An in-depth study of the potentially confounding effect of class size in fault prediction

  • Authors:
  • Yuming Zhou;Baowen Xu;Hareton Leung;Lin Chen

  • Affiliations:
  • Nanjing University;Nanjing University;Hong Kong Polytechnic University;Nanjing University

  • Venue:
  • ACM Transactions on Software Engineering and Methodology (TOSEM)
  • Year:
  • 2014

Quantified Score

Hi-index 0.00

Visualization

Abstract

Background. The extent of the potentially confounding effect of class size in the fault prediction context is not clear, nor is the method to remove the potentially confounding effect, or the influence of this removal on the performance of fault-proneness prediction models. Objective. We aim to provide an in-depth understanding of the effect of class size on the true associations between object-oriented metrics and fault-proneness. Method. We first employ statistical methods to examine the extent of the potentially confounding effect of class size in the fault prediction context.
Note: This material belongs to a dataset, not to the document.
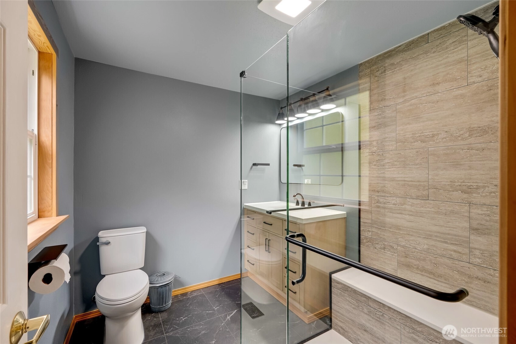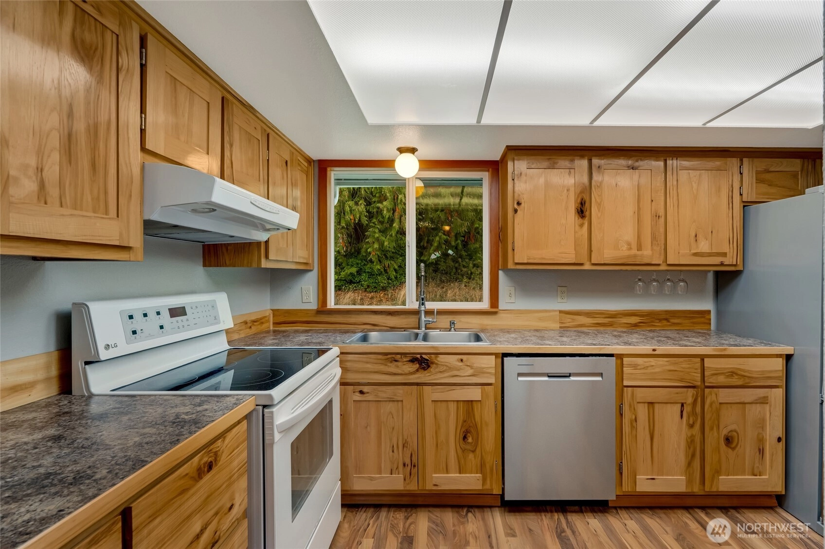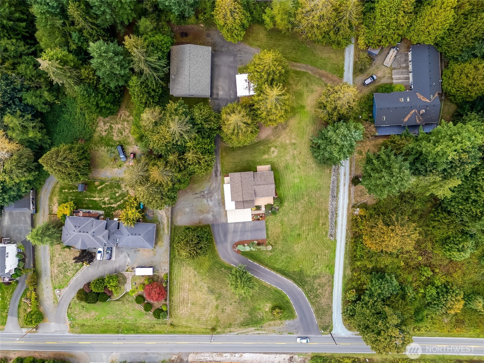 The view will draw you in, but the upgrades, shop, and acreage will make you stay! From the paved driveway to the sparkling lake view, this home feels like a getaway every day. Inside, hardwood floors, hickory cabinetry, a custom wine rack, and French doors create a warm, inviting space. Recent updates include a remodeled primary bath, 2025 roof with transferable warranty, PEX plumbing, and serviced septic for peace of mind. The shop offers water, ethernet, 100-amp service, 50-amp welder outlet, and air compressor hookup. This move-in-ready Lake Goodwin retreat is ready to live, work, and play!

After that, we propose a linear regression-based method to remove the potentially confounding effect. Finally, we empirically investigate whether this removal could improve the prediction performance of fault-proneness prediction models. Results. Based on open-source software systems, we found: (a) the confounding effect of class size on the associations between object-oriented metrics and fault-proneness in general exists; (b) the proposed linear regression-based method can effectively remove the confounding effect; and (c) after removing the confounding effect, the prediction performance of fault prediction models with respect to both ranking and classification can in general be significantly improved. Conclusion. We should remove the confounding effect of class size when building fault prediction models.